- **RECORDS FOR PROCESSING**:
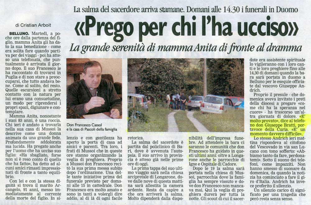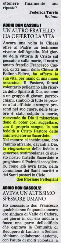 Ma sono tutti soggetti distanti anni luce e quant'altri mai dal ritratto che oggi emerge - sotto i profili caratteriale, e concreto - del povero don Francesco Cassol, un 'diverso' e quindi 'a rischio', insomma in qualche misura un 'cane sciolto' pericoloso perché indipendente, nella gelatino$a e babba Longarone dei suoi giorni.
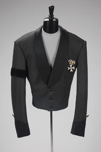 13-Kırmızı satenlerle süslü siyah kadife ceketi:3000 dolar
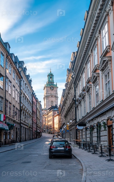 Европейская улица в историческом центре Гамла Стан с видом на колокольню собора Святого Николая (Сторкиркан) в утреннем свете. Стокгольм, Швеция
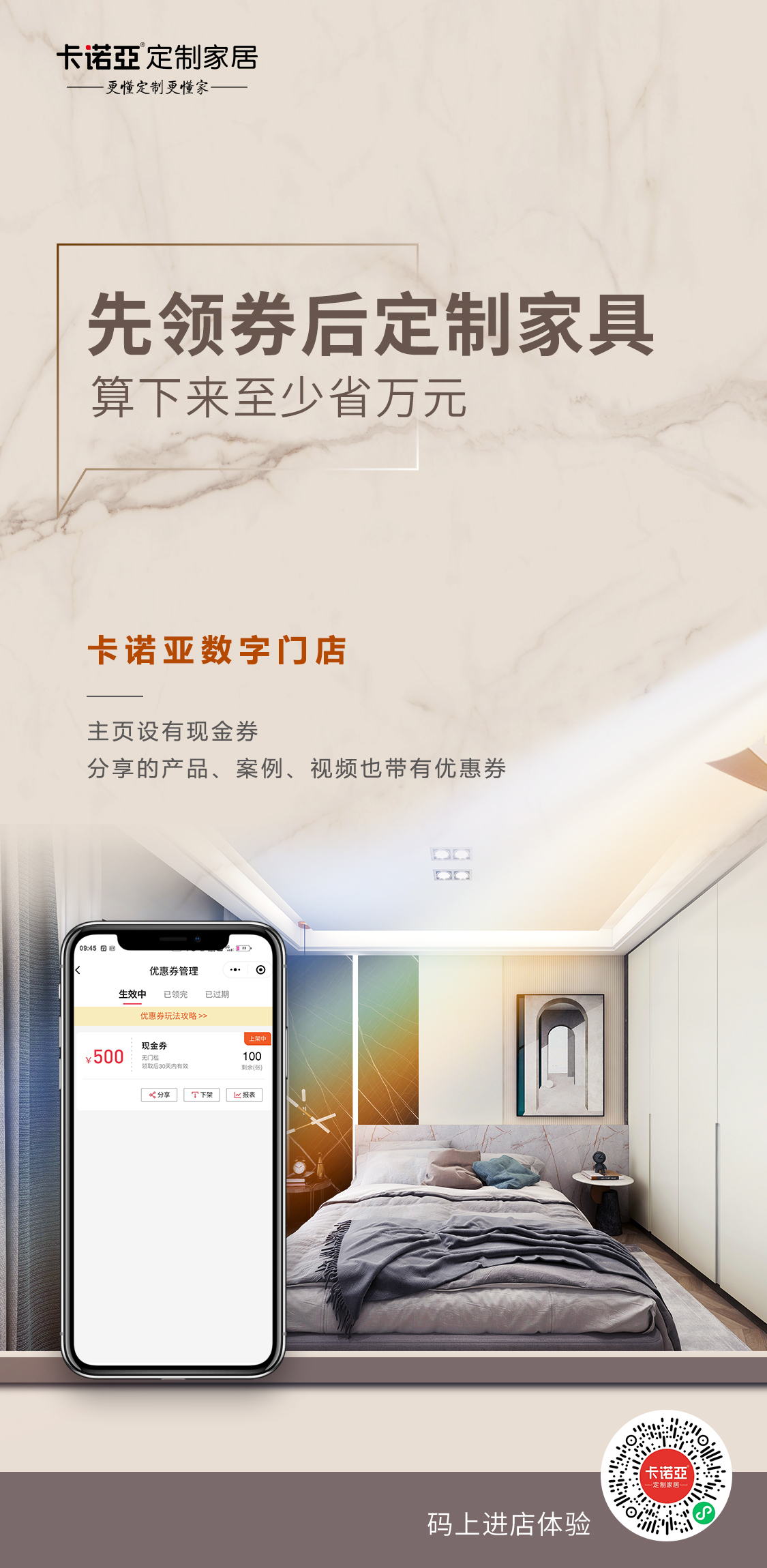 每逢节假日,建材家居市场各大门店促销活动硝烟弥漫。五一、国庆中秋小长假,正逢装修高峰期,像卡诺亚这样的一线定制家居品牌,都会利用线上数字门店发起各式各样的活动,赋能经销商门店,而优惠券就是门店使用最频繁的营销工具之一,靠它玩转微信营销,实现社群裂变。但是,一张小小的电子优惠券,使用起来还是大有学问呢。
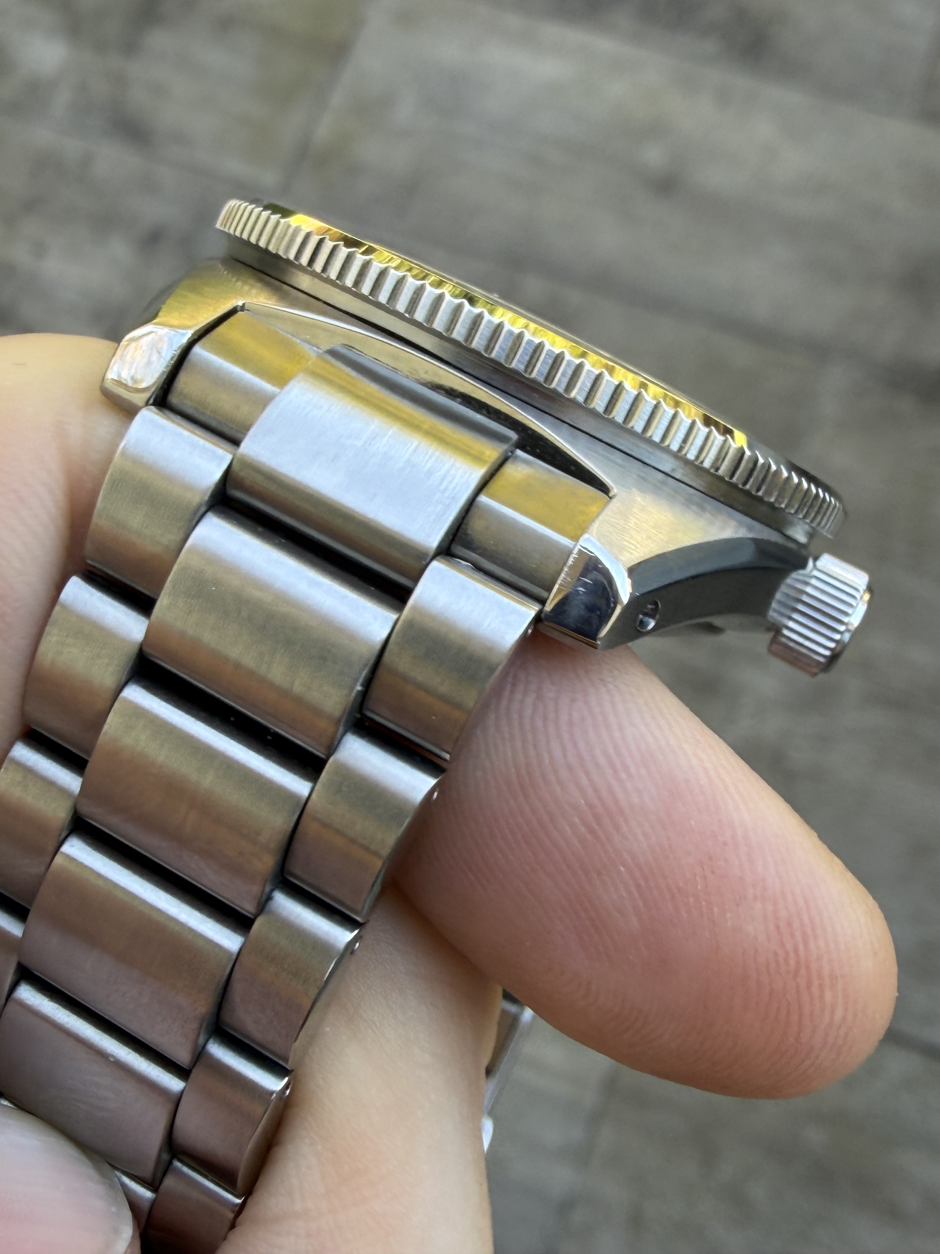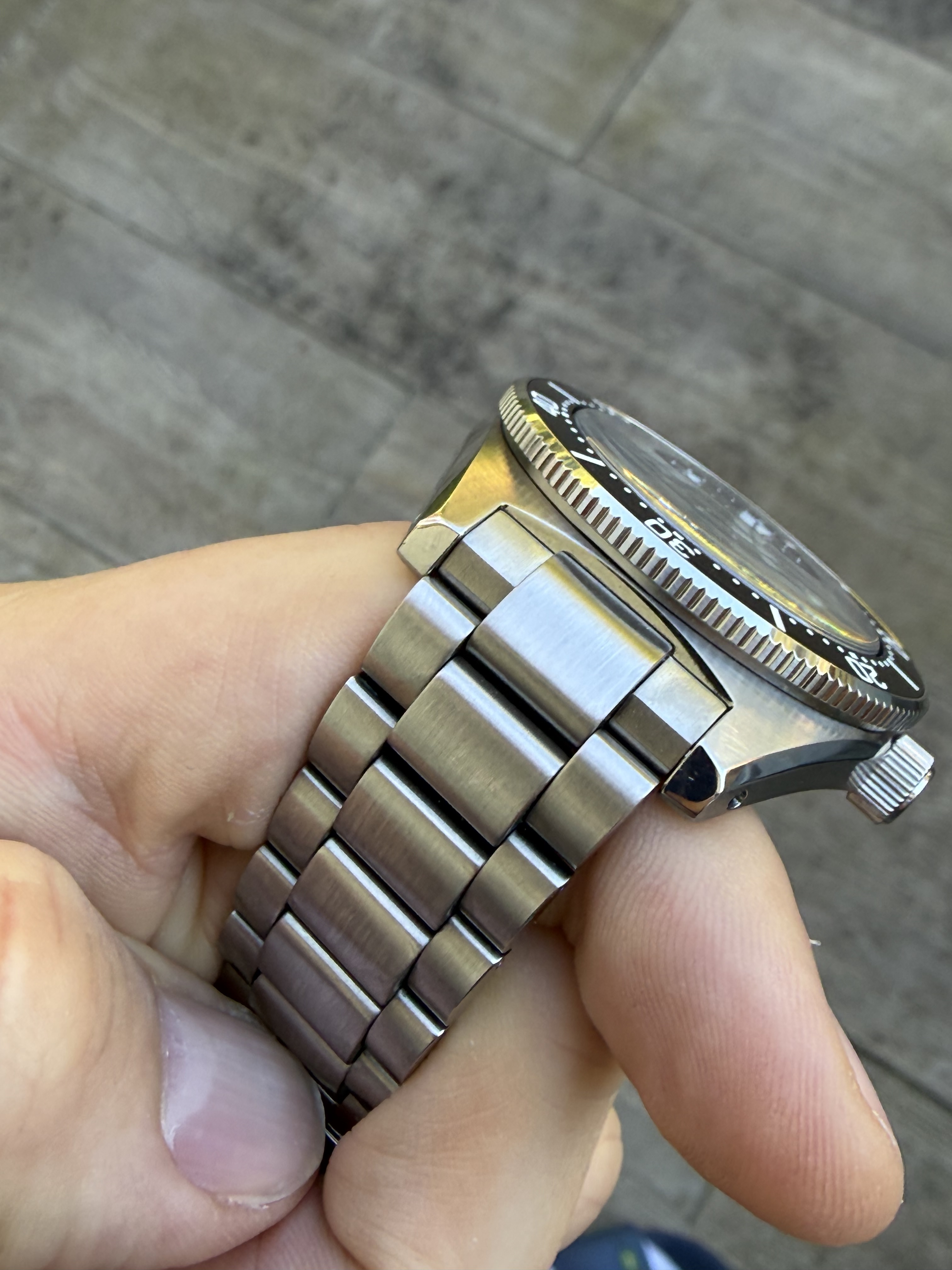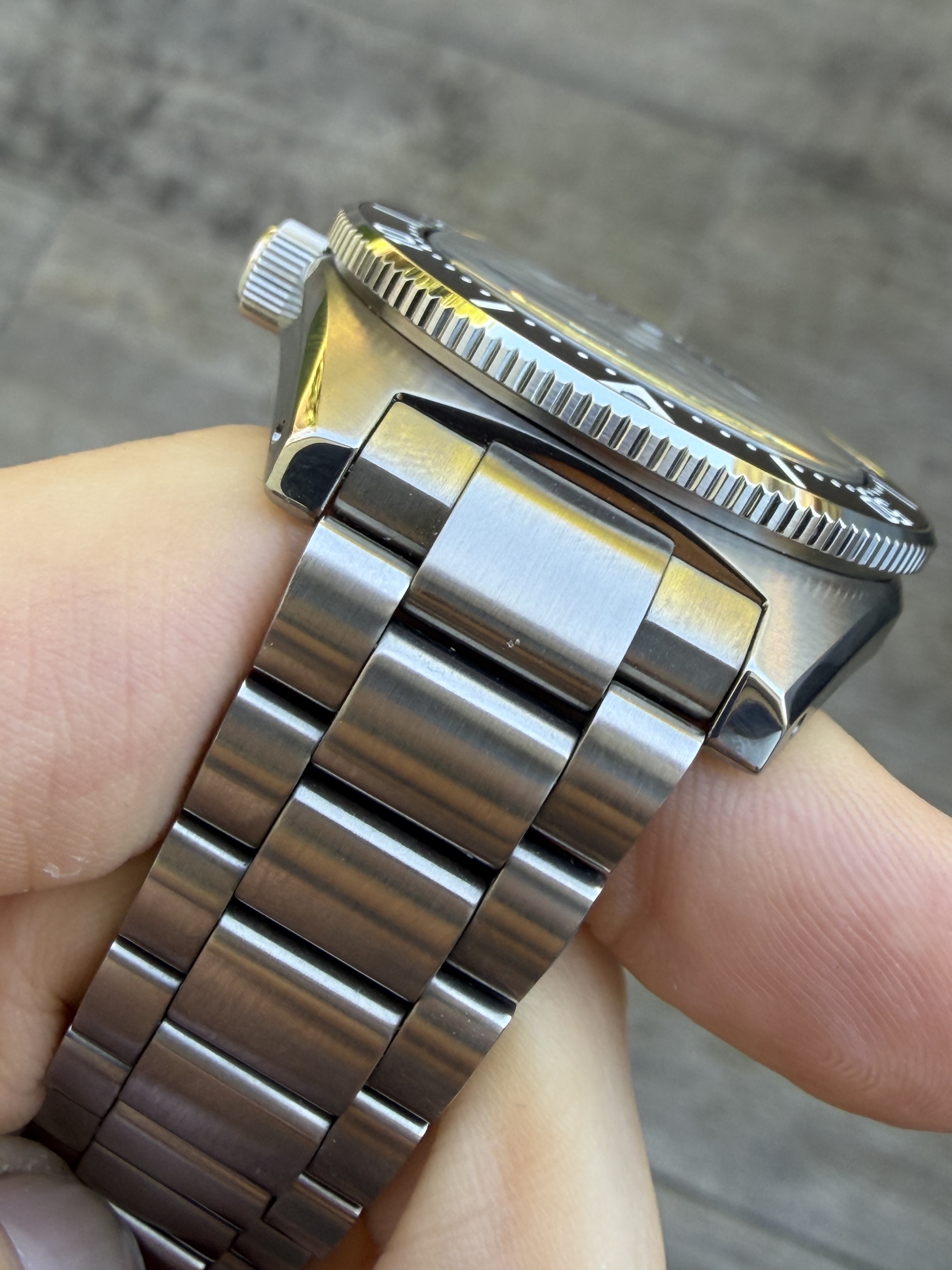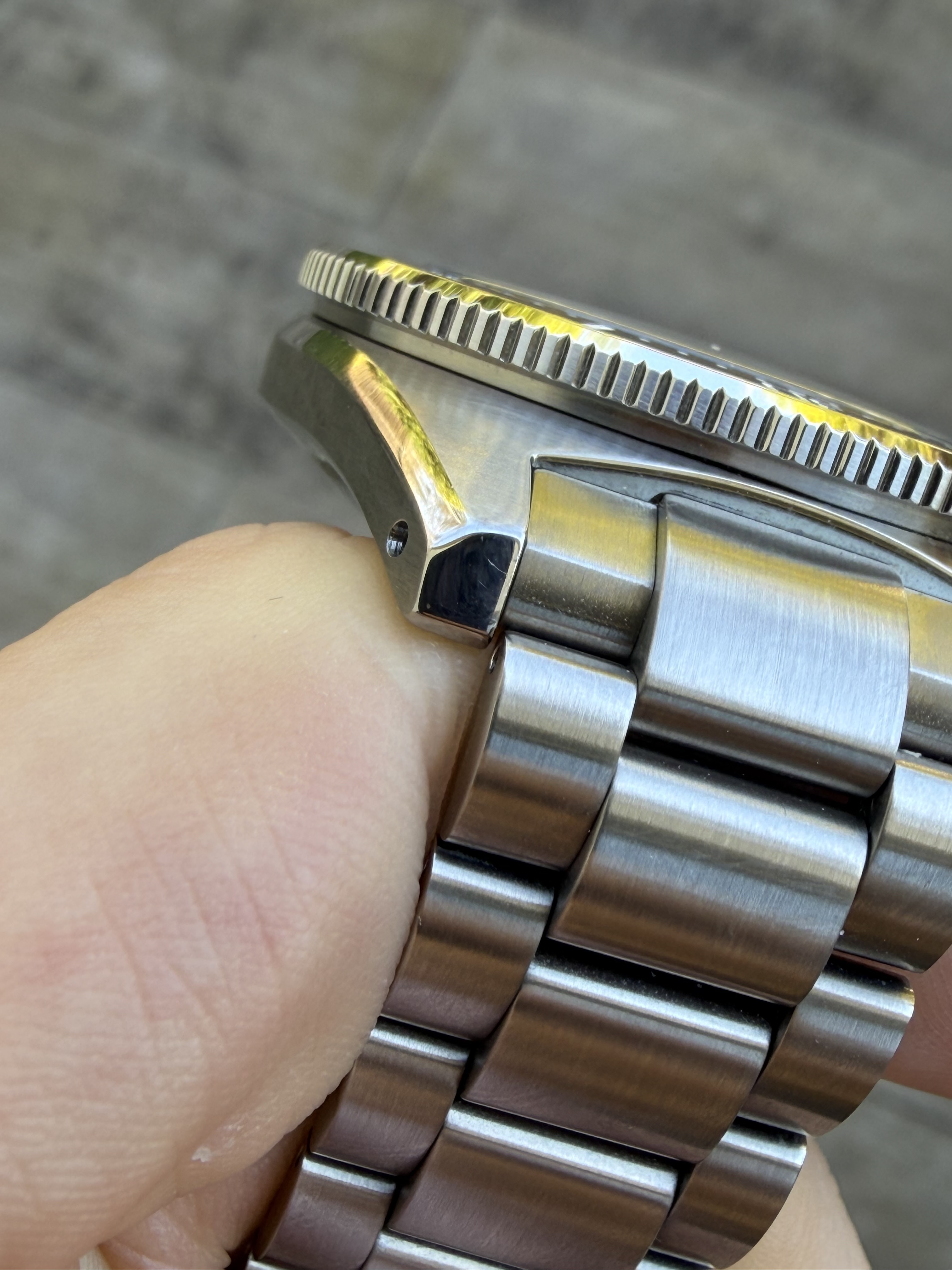 - krasjes op de onderste gepolijste vlakken van de lugs onderaan. Licht krasje links, wat zwaardere krasjes rechts. Zie foto’s 9 tot 16. In het ‘ervaringen met’ topic in kwestie staan ook wat uitvergrootte tegenlicht closeups. Ga die zeker checken.
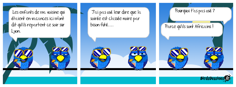 Case 1:Bird 1: Les enfants de ma voisine qui étaient en vacances ici m'ont dit qu'ils repartent ce soir sur Lyon. | Case 2: Bird 1: J'ai pas osé leur dire que la soirée est classée noire par bison futé.... | Case 3: Bird 1: Pourquoi t'as pas osé ? Bird 2: Parce qu'ils sont Africains !
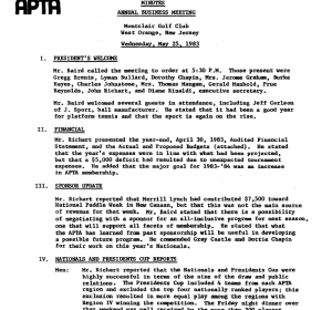 APTA Annual Meeting Minutes – financial situation demands increased membership APTA 1983 Annual Meeting Minutes The APTA faced a loss of $5,000 due to unexpected tournament expenses and a major effort in the upcoming year would be on increasing membership
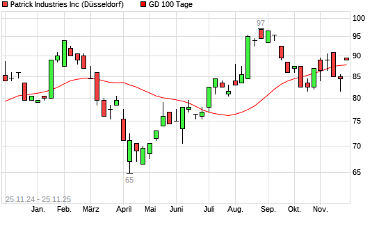 Mit dem Anstieg auf 90,00 EUR hat die Patrick Industries-Aktie am 24.11.2025 die 100-Tage-Linie nach oben gekreuzt.
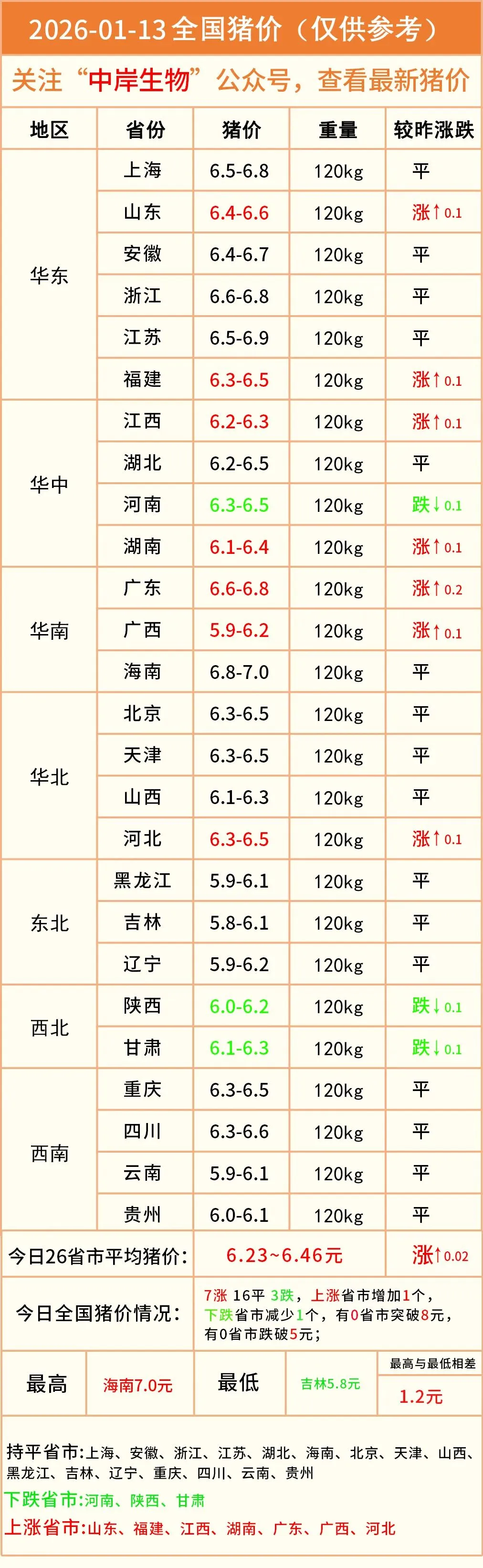 明日猪价|2026-01-13全国最新猪价(猪价已更新!) 养羊网 2026-01-12 明日猪价|2026-01-13全国最新猪价(猪价已更新!)营销中心丨0731-83806009技术服务丨0731-83806019 养羊网 2026-01-12 上一篇:2026.01.13-明天猪价(猪价稳涨、上涨猛回头!年前猪价能继续大幅上涨!) 下一篇:1月12日山东鸡蛋价格 您可能还会对下面的文章感兴趣111: 相关文章 近期价格更新!!! 2025年4月13日全国各地生猪价格信息 盒马无抗蛋到底怎么确认是不是问题鸡蛋! 猪价大预测】1月9~11日!

- **WHAT IS NEEDED**: From the line that holds "APTA Annual Meeting" to the last line of the records, please copy each line exactly and nothing else. Pictures stay out.

- **TASK ANSWER**:
 APTA Annual Meeting Minutes – financial situation demands increased membership APTA 1983 Annual Meeting Minutes The APTA faced a loss of $5,000 due to unexpected tournament expenses and a major effort in the upcoming year would be on increasing membership
 Mit dem Anstieg auf 90,00 EUR hat die Patrick Industries-Aktie am 24.11.2025 die 100-Tage-Linie nach oben gekreuzt.
 明日猪价|2026-01-13全国最新猪价(猪价已更新!) 养羊网 2026-01-12 明日猪价|2026-01-13全国最新猪价(猪价已更新!)营销中心丨0731-83806009技术服务丨0731-83806019 养羊网 2026-01-12 上一篇:2026.01.13-明天猪价(猪价稳涨、上涨猛回头!年前猪价能继续大幅上涨!) 下一篇:1月12日山东鸡蛋价格 您可能还会对下面的文章感兴趣111: 相关文章 近期价格更新!!! 2025年4月13日全国各地生猪价格信息 盒马无抗蛋到底怎么确认是不是问题鸡蛋! 猪价大预测】1月9~11日!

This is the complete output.